Friday, March 20, 2009

Monks and Managers

It seems that the Rule of St Benedict, written by Benedict of Nursia in the sixth century, works as well for managers as it does for monks.

This will be the subject of a seminar on Sunday at Abbazia di Praglia, an abbey on the Euganean Hills, just outside Padua, northeastern Italy. The title of the meeting is "L'organizzazione perfetta: la Regola di San Benedetto, una saggezza antica al servizio dell'impresa moderna" (The Perfect Organization: the Rule of St Benedict, An Ancient Wisdom at the Service of Modern Firm).

If you don't believe it, read the following excerpt from the Rule:

Artifices si sunt in monasterio cum omni humilitate faciant ipsas artes, si permiserit abbas. Quod si aliquis ex eis extollitur pro scientia artis suae, eo quod videatur aliquid conferre monasterio, hic talis erigatur ab ipsa arte et denuo per eam non transeat, nisi forte humiliato ei iterum abbas iubeat.

Si quid vero ex operibus artificum venumdandum est, videant ipsi per quorum manus transigenda sint ne aliquam fraudem praesumant. Memorentur semper Ananiae et Saphirae, ne forte mortem quam illi in corpore pertulerunt, hanc isti vel omnes qui aliquam fraudem de rebus monasterii fecerint in anima patiantur.

In ipsis autem pretiis non surripiat avaritiae malum, sed semper aliquantulum vilius detur quam ab aliis saecularibus dari potest, ut in omnibus glorificetur Deus.

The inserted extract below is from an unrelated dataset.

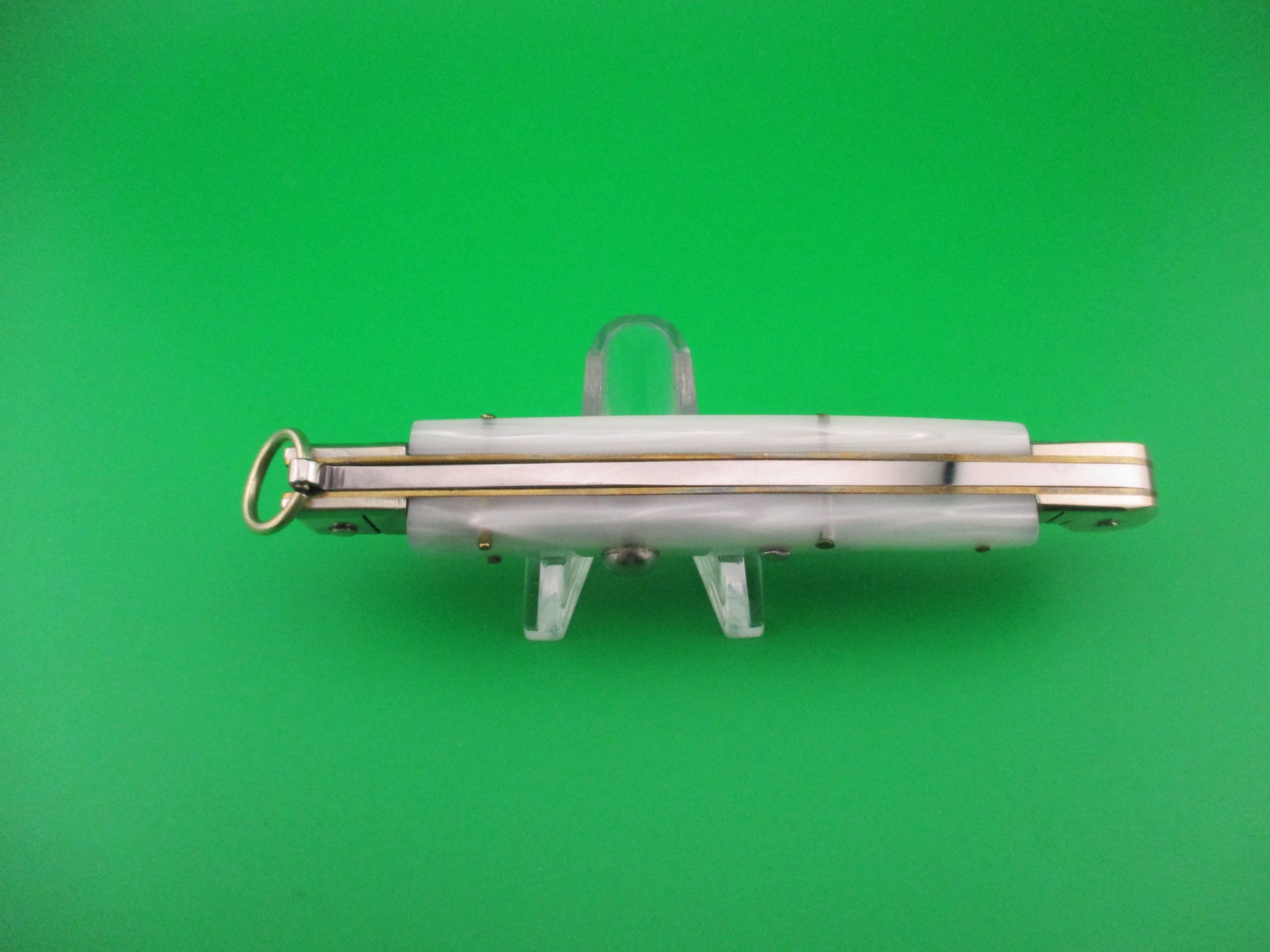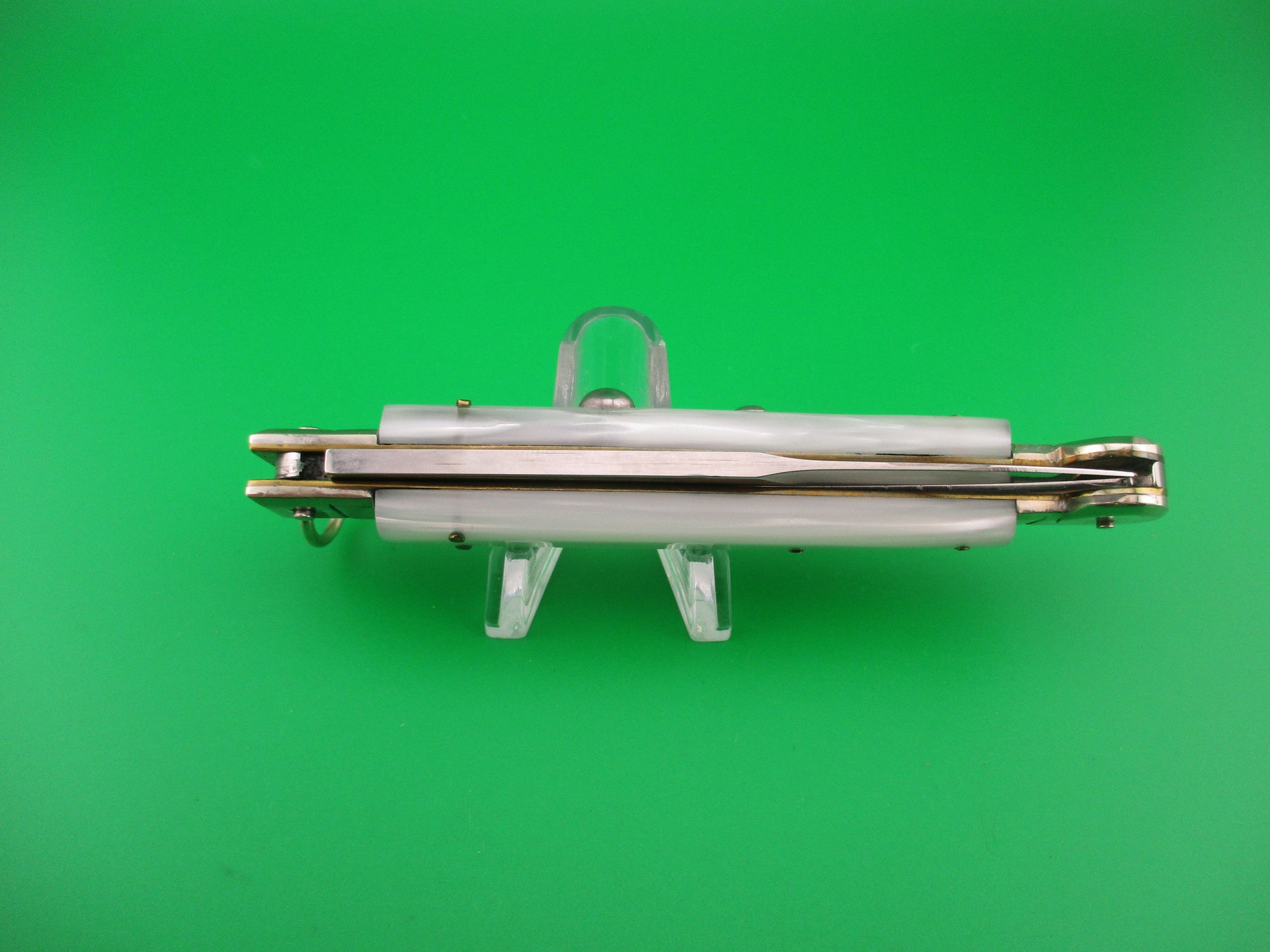 AGA CAMPOLIN 23cm Sicilian picklock Pearlex automatic knife measures 23cm (9 inches) open and 4 7/8 inches closed with brass liners and nickel silver bolsters and ring with stainless steel button & safety. The modified bayonet style blade is 100% full with factory finish and is marked AGA CAMPOLIN ITALY. The scales are Pearlex in nice condition and very attractive. The knife works like it should with the blade tip seating properly and centered closed, strong snap and great lockup open with less than 1/16" movement at the tip open. Does not rattle if shaken with blade open except for the ring. Button press to open, pull up on ring to release blade to close. Safety works. EX+ condition.

(Regula Sancti Benedicti, LVII)
If there be skilled workmen in the monastery, let them work at their art in all humility, if the Abbot giveth his permission. But if anyone of them should grow proud by reason of his art, in that he seemeth to confer a benefit on the monastery, let him be removed from that work and not return to it, unless after he hath humbled himself, the Abbot again ordereth him to do so.

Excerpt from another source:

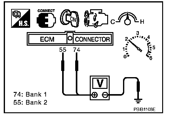 5. Set voltmeter probes between ECM terminal 74 [HO2S2 (B1) signal] or 55 [HO2S2 (B2) signal] and engine ground.
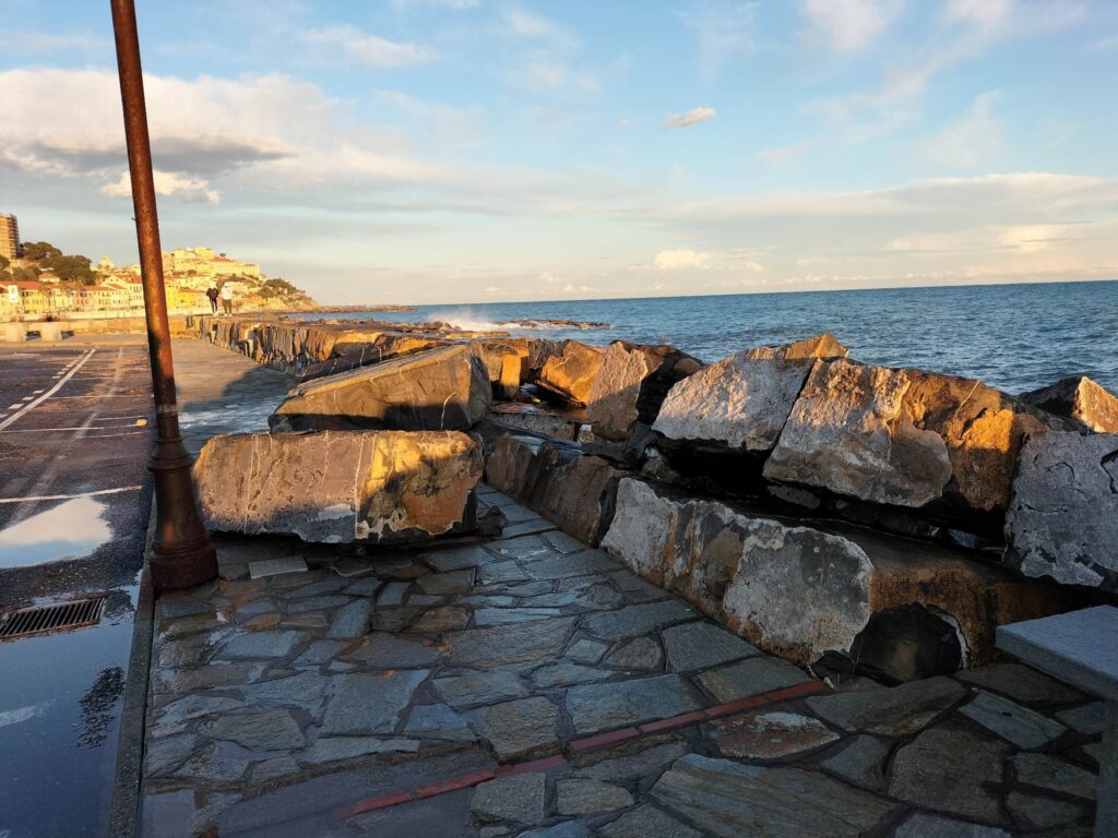 Danni a Borgo Prino, in particolare al parcheggio di piazzale Torre Bonazza, a seguito della mareggiata abbattutasi sul litorale del ponente ligure nei giorni scorsi.

But if any of the work of the artists is to be sold, let them, through whose hands the transaction must pass, see to it, that they do not presume to practice any fraud on the monastery. Let them always be mindful of Ananias and Saphira, lest, perhaps, the death which these suffered in the body, they and all who practice any fraud in things belonging to the monastery suffer in the soul.

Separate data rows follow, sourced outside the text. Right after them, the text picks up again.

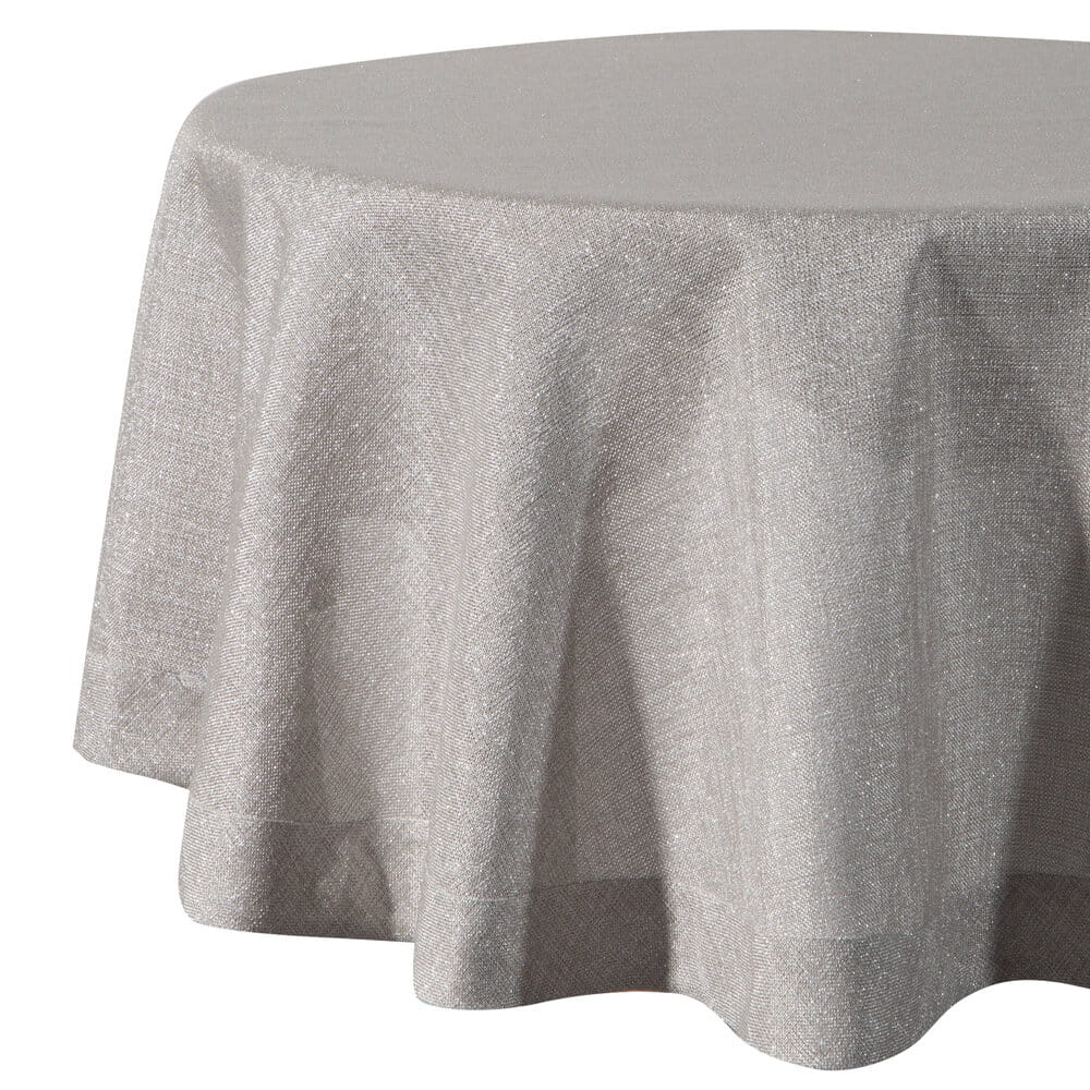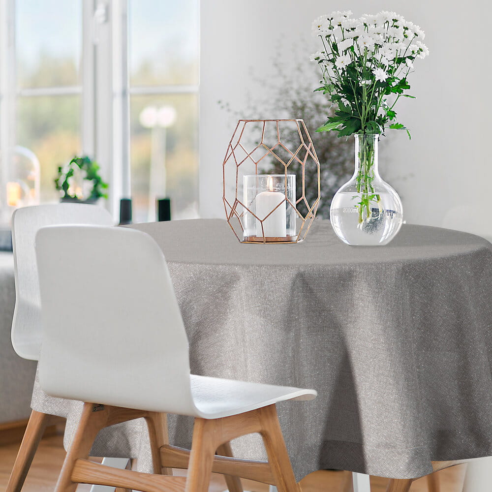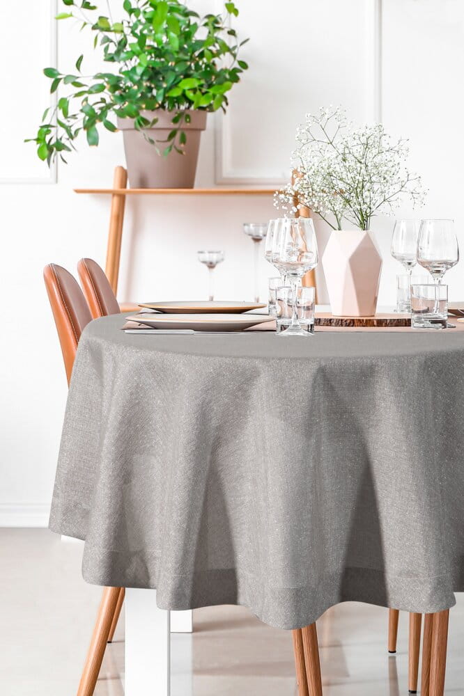 Obrus zdobiony kantą i srebrną nicią kolor: jasnoszary, Gramatura: 280 GSM, Skład: 100% poliester
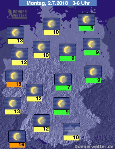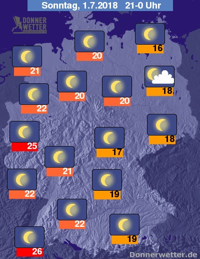 Höchstwerte teils noch um 25 Grad C in den späten Abendstunden.
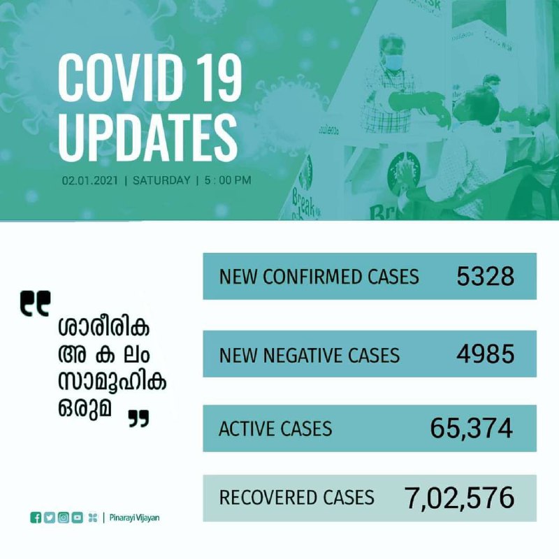 സംസ്ഥാനത്ത് ഇന്ന് 5328 പേര്ക്ക് കോവിഡ്-19 സ്ഥിരീകരിച്ചു. എറണാകുളം 743, കോഴിക്കോട് 596, മലപ്പുറം 580, കോട്ടയം 540, പത്തനംതിട്ട 452, തൃശൂര് 414, കൊല്ലം 384, ആലപ്പുഴ 382, തിരുവനന്തപുരം 290, പാലക്കാട് 240, ഇടുക്കി 223, വയനാട് 204, കണ്ണൂര് 197, കാസര്ഗോഡ് 83 എന്നിങ്ങനേയാണ് ജില്ലകളില് ഇന്ന് രോഗ ബാധ സ്ഥിരീകരിച്ചത്.
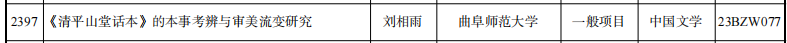 近日,全国哲学社会科学工作办公室正式公布了2023年国家社科基金年度项目和青年项目立项名单。抽奖轮盘 中国语言文学学科博士生导师刘相雨教授申报的“《清平山堂话本》的本事考辨与审美流变研究”(编号:23BZW077)和博士生导师孙宝教授申报的“南北朝儒学制度与文风流变研究”(编号:23BZW044)均获批一般项目。

On the other hand, as regards the prices of these things, let not the vice of avarice creep in, but let it always be given a little cheaper than it can be given by seculars, That God May Be Glorified in All Things.


(The Holy Rule of St Benedict, The 1949 Edition Translated by Rev. Boniface Verheyen, OSB of St Benedict's Abbey, Atchison, Kansas, Chapter 57).